(Collected data):
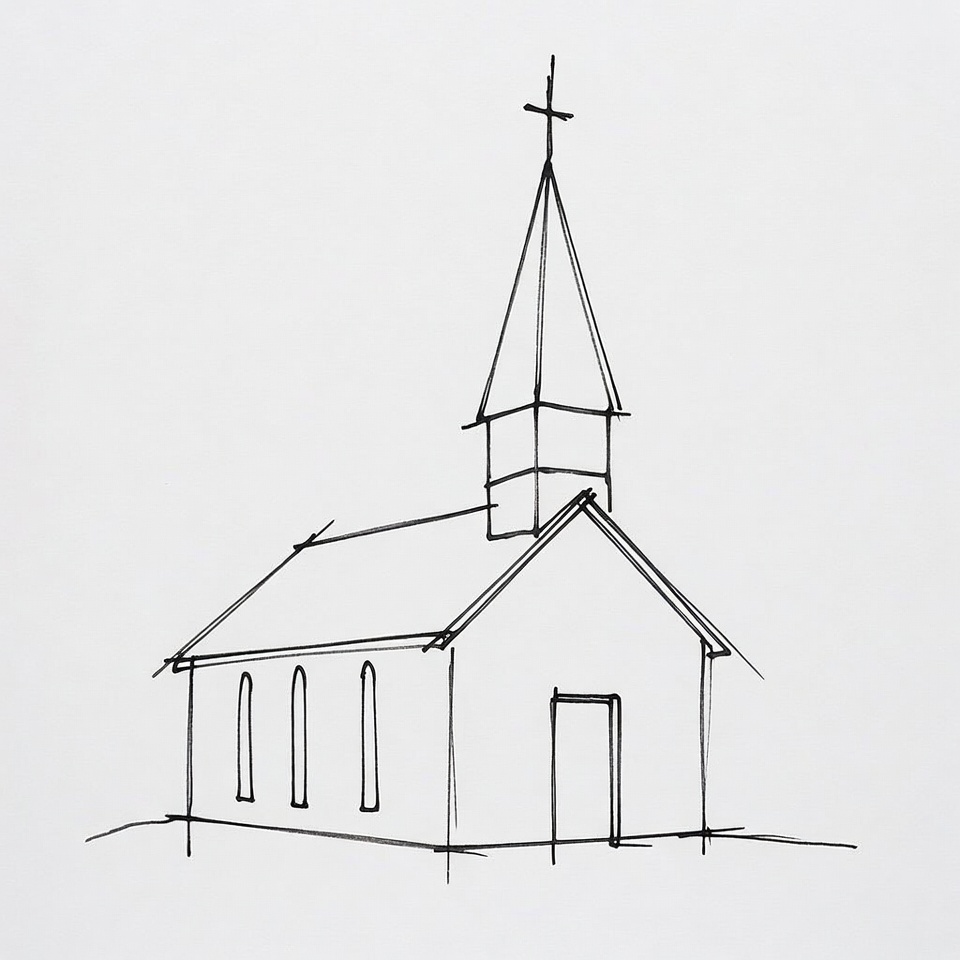 A simple black line drawing depicts a small church with a tall steeple topped by a cross. The structure features a gabled roof, arched windows on the side, and a front door. It is illustrated on a plain white background.
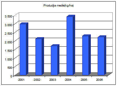 Productia medie cea mai mica a fost obtinuta in anul 1991 – 1454 kg/ha, iar cele mai ridicate productii au fost realizate in anul 1995 – 3903 kg/ha si in anul 1994 – 3283 kg/ha .
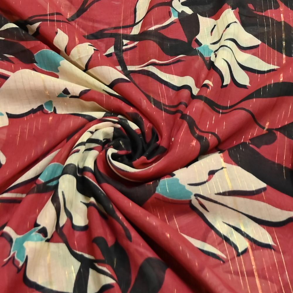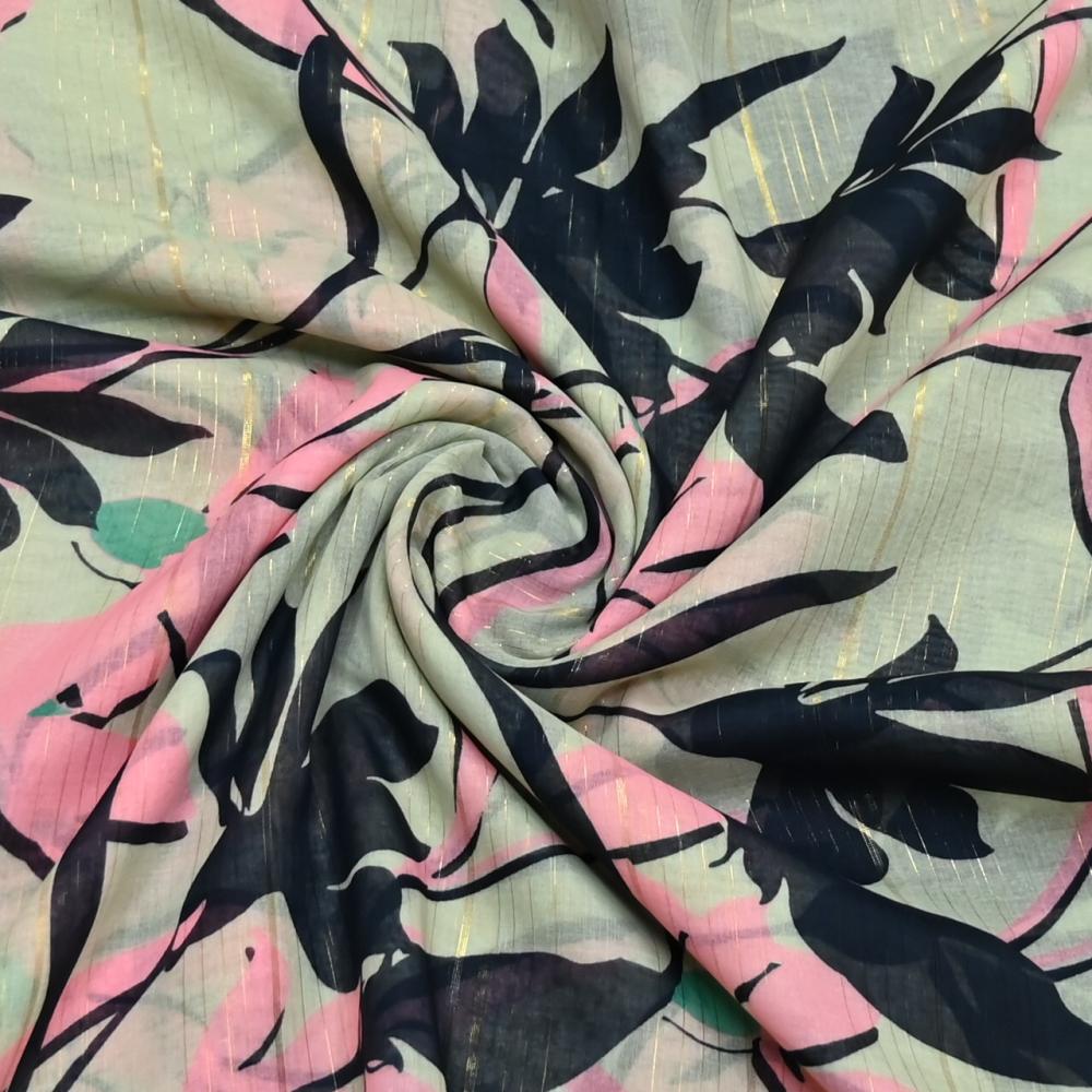 تميزي بإطلالة أنثوية ناعمة مع قماش ابوال الفاخر بنقشة مشجره ملون مضاف اليه لمعة ذهبية تضيف لمسة من الفخامة والجاذبية. القماش يجمع بين النعومة والخفة، مما يجعله مثاليًا للخياطة اليومية أو المناسبات.( شفاف )
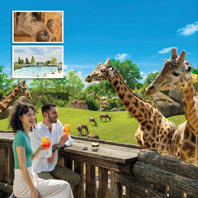 Vivi un¿esperienza immersiva tra Africa ed Asia incontrando lemuri, tartarughe, gibboni, tigri, il panda rosso e tante altre specie animali. Nell¿Anfiteatro di Petra assisti al volo dei rapaci e nel Serengeti scopri tutto su zebre, struzzi, rinoceronti e gazzelle. Ammira leoni e giraffe sorseggiando un drink sulla Savana Terrace. In estate, nuota accanto ai pinguini e agli ippopotami nelle piscine africane e in autunno festeggia al parco Oktoberfest e Halloween. In inverno ti aspetta un Natale Bestiale! Novità: Oasi delle Farfalle. Consegna il tagliando all¿ingresso del parco senza passare dalla biglietteria.
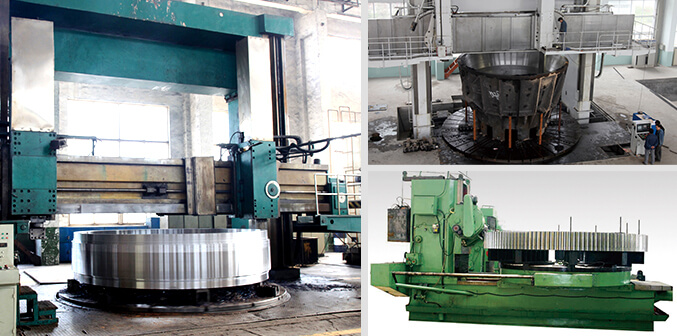 半自动喷砂设备一台套;数控3.15M~8M双柱立车(群)13台套;数控120x3000重型卷板机1台;俄罗斯进口的φ1.25m—8m滚齿机(群)6台套;各类调质电炉6台,能够满足从毛坯件到成品件的加工和部装件的需求。
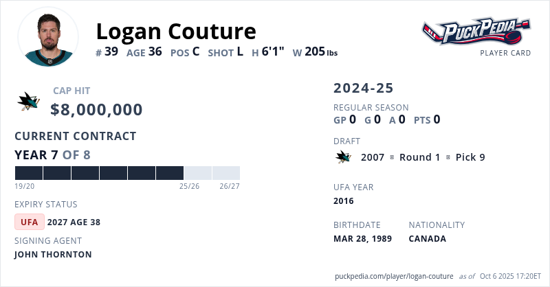 Logan Couture is signed to a 8 year, $64,000,000 contract with a cap hit of $8,000,000 per season, playing for the San Jose Sharks. His contract expires at the end of the 2026-27 season, making Couture an Unrestricted Free Agent.
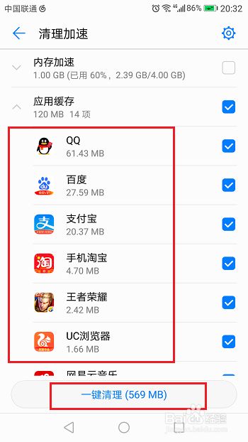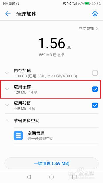 第五步点击应用缓存打开,可以看到各个应用的缓存占用的内存空间情况,点击一键清理,如下图所示:
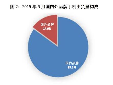 2015年5月,國產(chǎn)品牌手機出貨量達3770.7萬部,同比增長17.9%,占同期國內(nèi)手機出貨量的85.1%;上市新機型151款,同比下降28.4%,占同期國內(nèi)手機上市新機型數(shù)量的96.2%。1-5月,國產(chǎn)品牌手機出貨量1.59億部,同比增長19.3%,占同期國內(nèi)手機出貨量的80.3%;上市新機型622款,同比下降37.8%,占同期國內(nèi)手機上市新機型數(shù)量的94.2%。
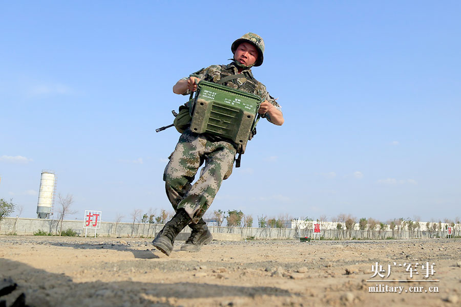 在搬运弹药箱比武中,官兵们又以8人为小组采取接力方式,采用提、抱、扛、拉等任选姿势完成30公斤弹药箱搬运完成15米*2折返。“加油!加油……”随着拉拉队员在两旁的呐喊声,竞赛人员迅速向前奔袭。
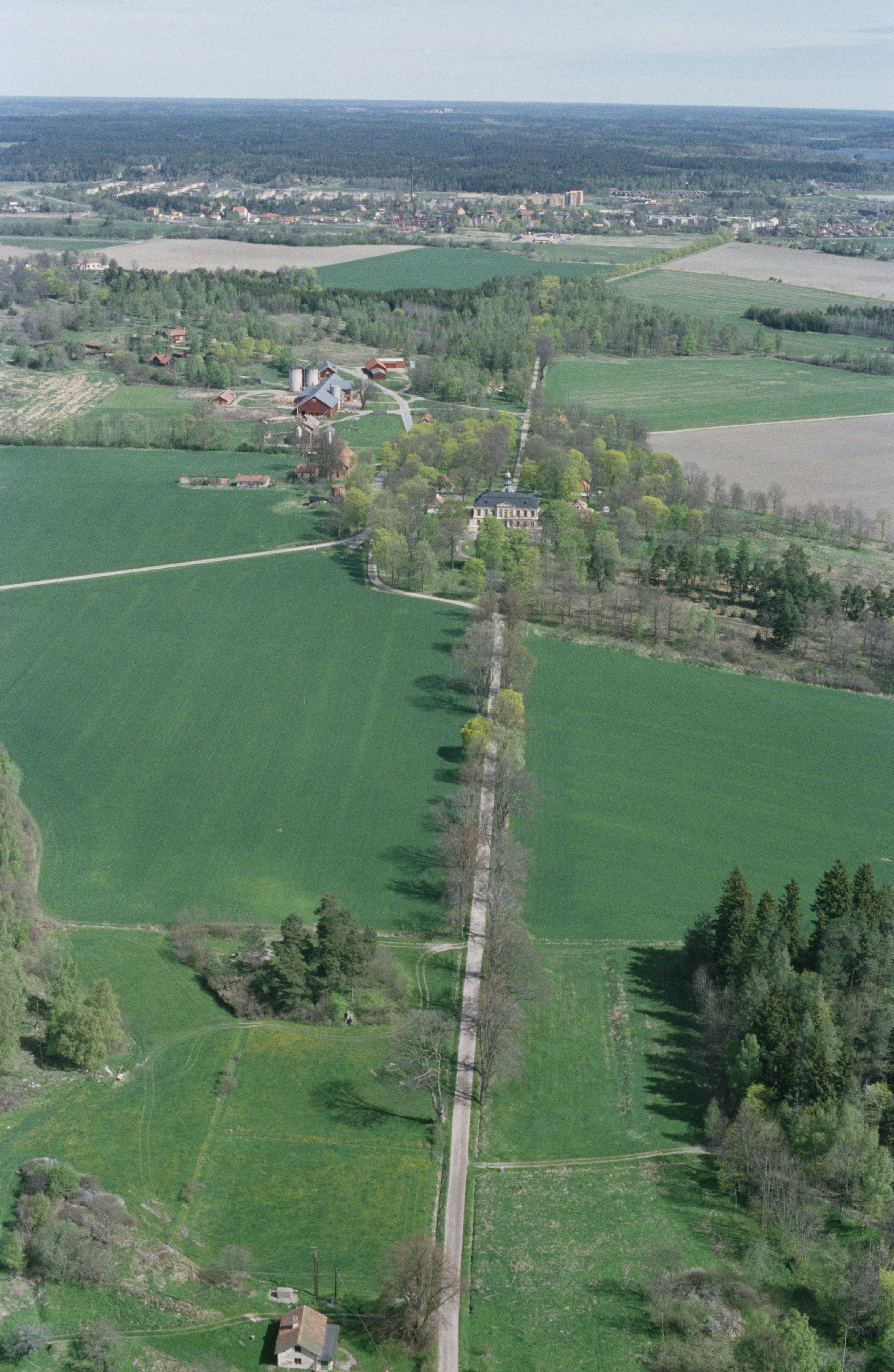Beskrivning: Brogårds herrgård (skrivs även Bro Hof slott). Herrgården har underjordiska gångar till flygelbyggnaderna RAÄnr Bro 91:1. I bildens övre del Bro kyrka, Husby bo- och gravplats RAÄnr Bro 297 och Bro 83:1, Bro tätort m.m. Bilden är tagen mot (väderstreck): NNO
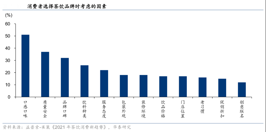經(jīng)典案例:根據(jù)益普索聯(lián)合雀巢發(fā)布的《2021 年茶飲消費(fèi)新趨勢(shì)》、華泰研究等綜合資訊表明,有51/37%的消費(fèi)者購(gòu)買茶飲產(chǎn)品時(shí)將產(chǎn)口感口味/品質(zhì)及食品安全作為考慮因素。新式茶飲采用茶葉、鮮奶、鮮果等天然優(yōu)質(zhì)食材為原料,引入更多配料與風(fēng)味,整體品質(zhì)較傳統(tǒng)茶飲得到提高。

(Task brief): Once the pictures are removed, return the entries exactly as they stand.

(Written reply):
 A simple black line drawing depicts a small church with a tall steeple topped by a cross. The structure features a gabled roof, arched windows on the side, and a front door. It is illustrated on a plain white background.
 Productia medie cea mai mica a fost obtinuta in anul 1991 – 1454 kg/ha, iar cele mai ridicate productii au fost realizate in anul 1995 – 3903 kg/ha si in anul 1994 – 3283 kg/ha .
 تميزي بإطلالة أنثوية ناعمة مع قماش ابوال الفاخر بنقشة مشجره ملون مضاف اليه لمعة ذهبية تضيف لمسة من الفخامة والجاذبية. القماش يجمع بين النعومة والخفة، مما يجعله مثاليًا للخياطة اليومية أو المناسبات.( شفاف )
 Vivi un¿esperienza immersiva tra Africa ed Asia incontrando lemuri, tartarughe, gibboni, tigri, il panda rosso e tante altre specie animali. Nell¿Anfiteatro di Petra assisti al volo dei rapaci e nel Serengeti scopri tutto su zebre, struzzi, rinoceronti e gazzelle. Ammira leoni e giraffe sorseggiando un drink sulla Savana Terrace. In estate, nuota accanto ai pinguini e agli ippopotami nelle piscine africane e in autunno festeggia al parco Oktoberfest e Halloween. In inverno ti aspetta un Natale Bestiale! Novità: Oasi delle Farfalle. Consegna il tagliando all¿ingresso del parco senza passare dalla biglietteria.
 半自动喷砂设备一台套;数控3.15M~8M双柱立车(群)13台套;数控120x3000重型卷板机1台;俄罗斯进口的φ1.25m—8m滚齿机(群)6台套;各类调质电炉6台,能够满足从毛坯件到成品件的加工和部装件的需求。
 Logan Couture is signed to a 8 year, $64,000,000 contract with a cap hit of $8,000,000 per season, playing for the San Jose Sharks. His contract expires at the end of the 2026-27 season, making Couture an Unrestricted Free Agent.
 第五步点击应用缓存打开,可以看到各个应用的缓存占用的内存空间情况,点击一键清理,如下图所示:
 2015年5月,國產(chǎn)品牌手機出貨量達3770.7萬部,同比增長17.9%,占同期國內(nèi)手機出貨量的85.1%;上市新機型151款,同比下降28.4%,占同期國內(nèi)手機上市新機型數(shù)量的96.2%。1-5月,國產(chǎn)品牌手機出貨量1.59億部,同比增長19.3%,占同期國內(nèi)手機出貨量的80.3%;上市新機型622款,同比下降37.8%,占同期國內(nèi)手機上市新機型數(shù)量的94.2%。
 在搬运弹药箱比武中,官兵们又以8人为小组采取接力方式,采用提、抱、扛、拉等任选姿势完成30公斤弹药箱搬运完成15米*2折返。“加油!加油……”随着拉拉队员在两旁的呐喊声,竞赛人员迅速向前奔袭。
Beskrivning: Brogårds herrgård (skrivs även Bro Hof slott). Herrgården har underjordiska gångar till flygelbyggnaderna RAÄnr Bro 91:1. I bildens övre del Bro kyrka, Husby bo- och gravplats RAÄnr Bro 297 och Bro 83:1, Bro tätort m.m. Bilden är tagen mot (väderstreck): NNO
經(jīng)典案例:根據(jù)益普索聯(lián)合雀巢發(fā)布的《2021 年茶飲消費(fèi)新趨勢(shì)》、華泰研究等綜合資訊表明,有51/37%的消費(fèi)者購(gòu)買茶飲產(chǎn)品時(shí)將產(chǎn)口感口味/品質(zhì)及食品安全作為考慮因素。新式茶飲采用茶葉、鮮奶、鮮果等天然優(yōu)質(zhì)食材為原料,引入更多配料與風(fēng)味,整體品質(zhì)較傳統(tǒng)茶飲得到提高。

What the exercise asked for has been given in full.